Armand had a moment to feel annoyed (true, he was smaller in build, but of the two of them, he was still the soldier) before the creature started trotting towards them. Suddenly, Armand could not be as sure as he had been that this was just a horse with an ornament attached to its forehead. Instead, he could picture the long horn skewering them both. After all, according to legend, only virgins could safely subdue unicorns, and neither he nor René qualified. He grabbed René’s arm and started to run.
“This way,” he ordered, pulling René in the direction of another cluster of trees in the distance.

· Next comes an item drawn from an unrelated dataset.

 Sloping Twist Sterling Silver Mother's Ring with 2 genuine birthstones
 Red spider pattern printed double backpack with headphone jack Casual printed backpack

They could climb a tree. Would that deter the unicorn from attacking them? How high could unicorns jump? Could unicorns fly? Armand hadn’t noticed any wings, but who knew what a real unicorn could do? No, he told himself. What was following them was not a real unicorn. It was a victim of young men’s humor. Honestly, a horse made to look like a unicorn sounded like something the idle nobility would demand for a party, assuming there were any still alive. But Armand heard the hoof beats and another frantic whinny and couldn’t convince himself to stop running.

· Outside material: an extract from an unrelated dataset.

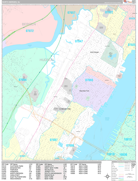 North Bergen New Jersey 5 Digit Zip Code Maps Basic

When he risked a look over his shoulder, to his horror the unicorn was far closer than he thought possible. The beast had started to gallop, and was gaining quickly. Their human sprinting was no match for its stride. Reaching the trees in time was impossible. He shoved roughly at René’s shoulder.
“Keep going,” he shouted, and then turned to face the monster alone.
“What are you doing?”
“Just run, idiot,” gasped Armand, out of breath. “I’ll fight.”
“You’ll fight a unicorn?”
“I’ll delay it. Just get to the trees.”
To Armand’s absolute fury, rather than running off to safety and leaving Armand to die a hero’s death at the horn of the unicorn, René hefted him over his shoulder. Even with his upside-down vantage point and René’s ass in the way, Armand could see it was too late, anyway—the unicorn skidded to a stop beside them. Armand braced himself for death.
Instead, the unicorn knelt down on one knee, the tip of its horn resting against the earth.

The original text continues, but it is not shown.